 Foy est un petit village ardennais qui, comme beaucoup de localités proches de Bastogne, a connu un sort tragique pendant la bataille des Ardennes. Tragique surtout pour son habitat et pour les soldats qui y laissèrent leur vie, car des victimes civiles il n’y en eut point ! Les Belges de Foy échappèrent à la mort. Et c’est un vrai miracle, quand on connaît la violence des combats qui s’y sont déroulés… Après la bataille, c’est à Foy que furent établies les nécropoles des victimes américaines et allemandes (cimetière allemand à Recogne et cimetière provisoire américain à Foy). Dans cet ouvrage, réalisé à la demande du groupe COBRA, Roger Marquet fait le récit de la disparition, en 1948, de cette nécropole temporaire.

★ ★ ★ ★ ★ ★ ★

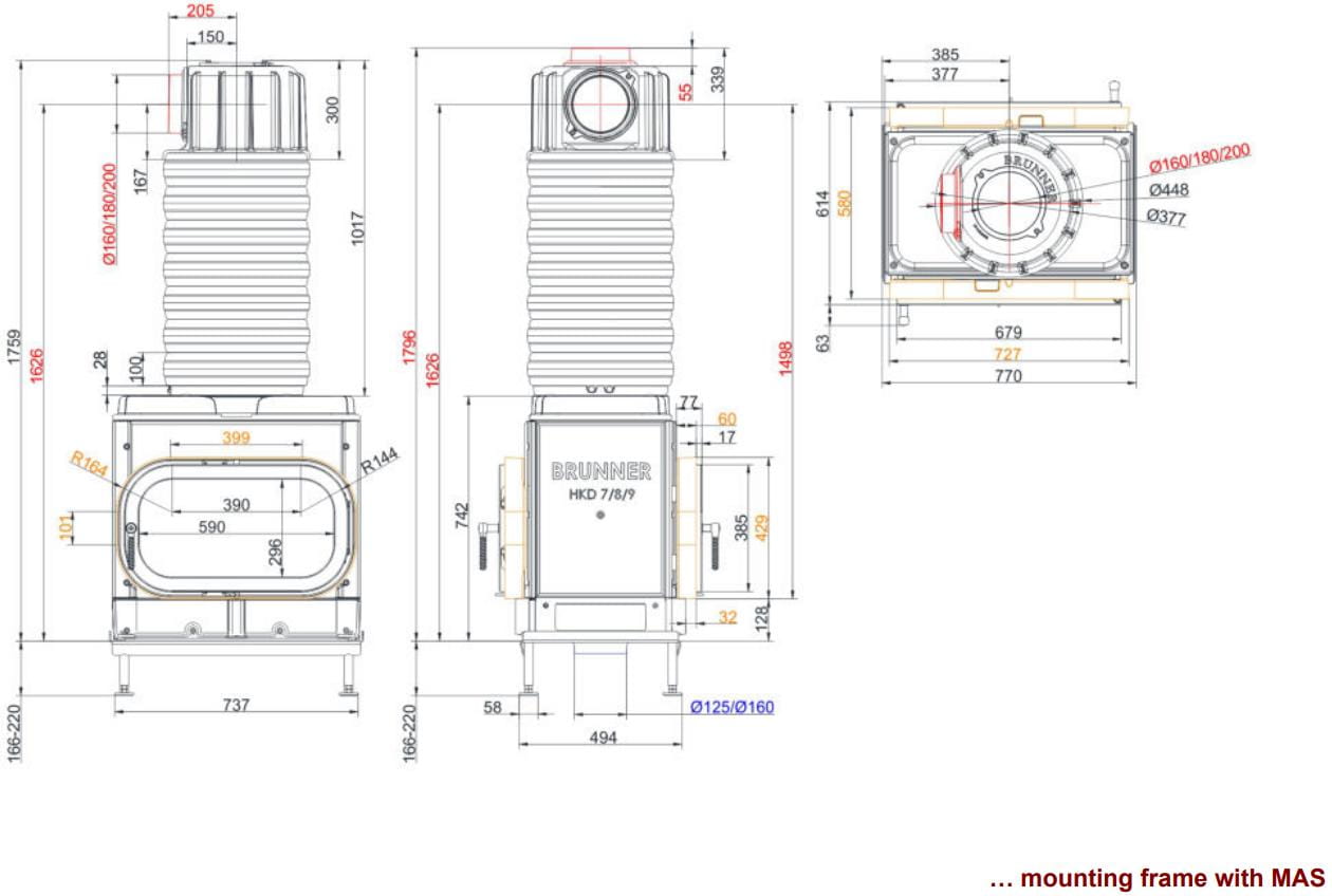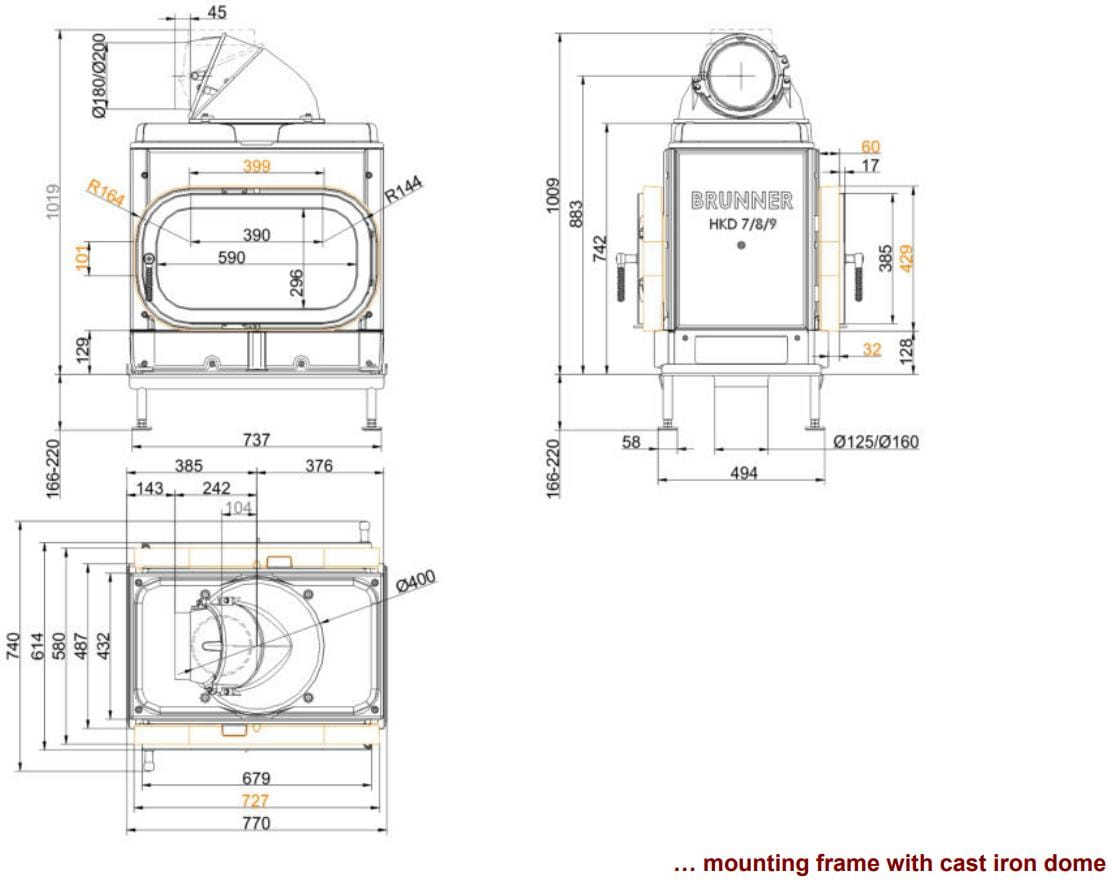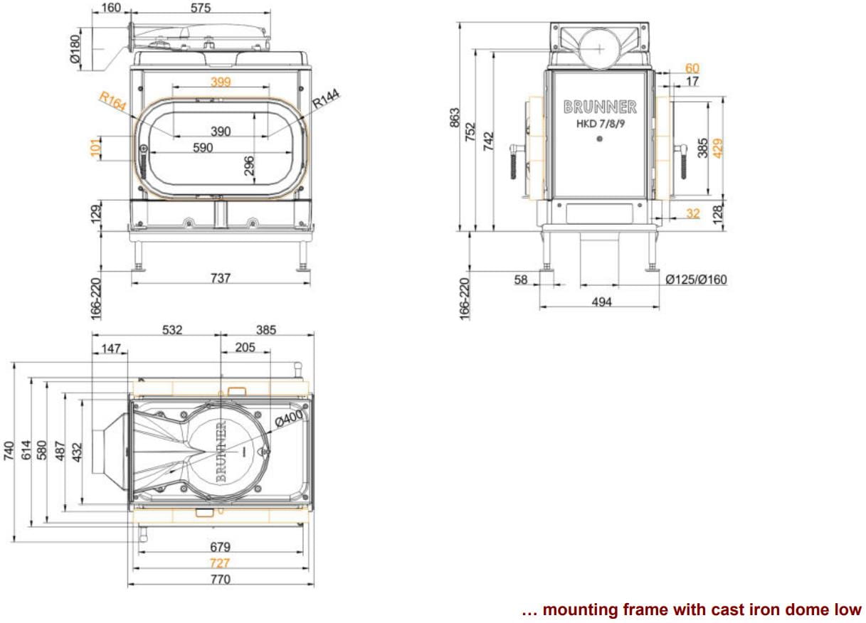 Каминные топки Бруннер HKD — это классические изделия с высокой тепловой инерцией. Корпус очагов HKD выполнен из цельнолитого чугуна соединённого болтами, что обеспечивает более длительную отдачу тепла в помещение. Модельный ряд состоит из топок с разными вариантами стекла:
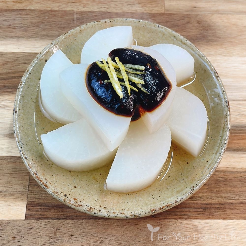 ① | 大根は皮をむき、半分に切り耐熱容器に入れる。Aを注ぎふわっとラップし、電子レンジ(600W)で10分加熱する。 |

★ ★ ★ ★ ★ ★ ★

Task statement
Please return the data above exactly as it stands from the line with "Каминные топки Бруннер" to the line with "① | 大根は皮をむき、半分に切り耐熱容器に入れる。Aを注ぎふわっとラップし、電子レンジ(600W)で10分加熱する。", keeping both of those lines but none of the pictures.

Answer for this exercise
 Каминные топки Бруннер HKD — это классические изделия с высокой тепловой инерцией. Корпус очагов HKD выполнен из цельнолитого чугуна соединённого болтами, что обеспечивает более длительную отдачу тепла в помещение. Модельный ряд состоит из топок с разными вариантами стекла:
 ① | 大根は皮をむき、半分に切り耐熱容器に入れる。Aを注ぎふわっとラップし、電子レンジ(600W)で10分加熱する。 |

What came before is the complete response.